2. the utility model discloses when the installation, only need to pull two dismouting handles to the inboard, make first half press from both sides the cover and can rotate as the axle center pole according to rotating the inserted bar with second half clamp cover, thereby part two lower extremes that half pressed from both sides the cover, make first half press from both sides the cover and can wrap the clamp in gas transmission pipeline A and gas transmission pipeline B handing-over department with second half clamp cover, and because first rotation handspike and second rotate under reset spring's the elasticity promotes between the handspike, tightly attach the electrode acquisition piece on first half clamp cover and second half clamp cover circumference inner wall on containing the girth joint, when dismantling, pull two dismouting handles to the inboard equally and can dismantle the device from gas transmission pipeline, the installation is extremely convenient with the dismantlement, shorten the dismouting time greatly, improve the practicality of device.

Drawings

The accompanying drawings are included to provide a further understanding of the invention, and are incorporated in and constitute a part of this specification, illustrate embodiments of the invention, and together with the description, do not constitute a limitation of the invention, in which:

FIG. 1 is a schematic structural view of a stress monitoring device for a gas pipeline with circumferential weld defects according to the present invention;

FIG. 2 is a schematic side view of a stress monitoring device for a gas pipeline with circumferential weld defects according to the present invention;

fig. 3 is a schematic view of a connection structure of the rotary plug according to the present invention;

FIG. 4 is a schematic view of the stress monitoring device for a gas pipeline with circumferential weld defects according to the present invention;

in the figure: 1. a gas pipeline A; 2. a conduit bracket; 3. rotating the inserted link; 4. a monitoring case; 5. disassembling and assembling the handle; 6. a first rotating handle; 7. a gas pipeline B; 8. a first half jacket; 9. a second rotating handle; 10. a supporting seat; 11. a second half jacket; 12. a movable rotating shaft; 13. a spring rubber cushion; 14. a return spring; 15. an electrode acquisition sheet; 16. including the girth weld.

Detailed Description

The technical solutions in the embodiments of the present invention will be described clearly and completely with reference to the accompanying drawings in the embodiments of the present invention, and it is obvious that the described embodiments are only some embodiments of the present invention, not all embodiments. Based on the embodiments in the present invention, all other embodiments obtained by a person skilled in the art without creative work belong to the protection scope of the present invention.

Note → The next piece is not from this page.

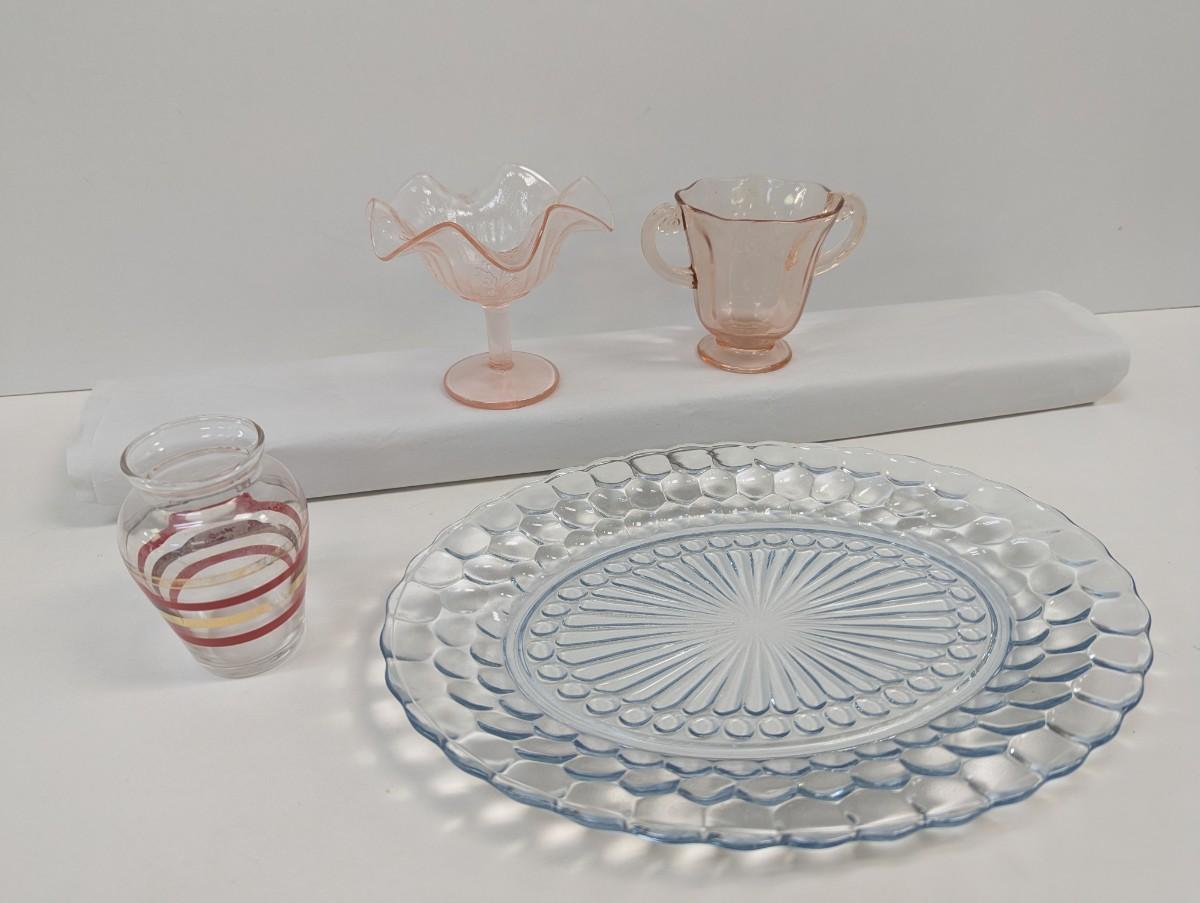 Pink Depression Glass - Vintage Blue Bubble Depression Glass Plate

Referring to fig. 1-4, the present invention provides a technical solution: a stress monitoring device for a gas transmission pipeline with girth weld defects comprises a gas transmission pipeline A1 and a pipeline bracket 2, wherein the gas transmission pipeline A1 is installed at the upper end of the pipeline bracket 2, a supporting seat 10 is connected to the outer wall of the lower end of the pipeline bracket 2, the right end of a gas transmission pipeline A1 is connected with a gas transmission pipeline B7, a girth weld 16 is arranged at the joint of the gas transmission pipeline A1 and the gas transmission pipeline B7, a first semi-jacket 8 is sleeved on the outer wall of the circumference of the front end of the girth weld 16, a second semi-jacket 11 is sleeved on the outer wall of the circumference of the rear end of the girth weld 16, first rotating hand levers 6 are arranged at the upper ends of the left side and the right side of the first semi-jacket 8, second rotating hand levers 9 are arranged at the upper ends of the left side and the right side of the second semi-jacket 11, S-shaped structures are formed between the first rotating hand levers 6 and the first semi-jacket 8, and between the second rotating hand levers 9, Second rotates handspike 9 and second half and presss from both sides the structure system that a is similar to the scissors that the cover 11 constitutes, can fix the package and press from both sides on the circumference outer wall that contains circumferential weld 16 of gas transmission pipeline A1 and gas transmission pipeline B7 handing-over department, thereby to containing circumferential weld 16 to carry out real-time supervision, first rotation handspike 6 all is connected with dismouting handle 5 with the upper end of second rotation handspike 9, be provided with reset spring 14 between first rotation handspike 6 and the second rotation handspike 9, reset spring 14 is arch structure upwards protruding slightly, make when pulling two dismouting handles 5 to the inboard, reset spring 14 can exert the biggest elastic force effect, avoid reset spring 14 to crooked and weaken spring force to the downside.

A stress monitoring device for a gas transmission pipeline with girth weld defects comprises a reset spring 14, a first rotating hand rod 6 and a second rotating hand rod 9 which are fixedly connected through a spring rubber mat 13, a movable rotating shaft 12 is arranged at the joint of the left end and the right end of a first half jacket 8 and a second half jacket 11, a rotating inserted rod 3 which transversely penetrates is arranged inside the circumference of the lower end of the first rotating hand rod 6 and the second rotating hand rod 9, a monitoring machine box 4 is sleeved outside the rotating inserted rod 3 between the opposite inner walls of the second rotating hand rod 9, the lower end of the monitoring machine box 4 is sleeved outside the rotating inserted rod 3 through a welded fixing ring, so that the monitoring machine box 4 can be fixed on the rotating inserted rod 3, the device is prevented from being damaged due to the fact that the monitoring machine box 4 rotates back and forth on the rotating inserted rod 3 when a dismounting handle 5 is pulled, the left end and the right end of the rotating inserted rod 3 inside the lower end of the monitoring machine box 4 respectively penetrate through the second rotating hand rod 9 and the first rotating hand rod 6 and are fixed inside the movable rotating, the scissors structure formed by the first rotating hand rod 6, the first half jacket 8, the second rotating hand rod 9 and the second half jacket 11 can rotate for rotating the shaft rod according to the rotating inserted link 3, so that the monitoring device is fixedly installed at the position containing the girth weld 16 or is detached.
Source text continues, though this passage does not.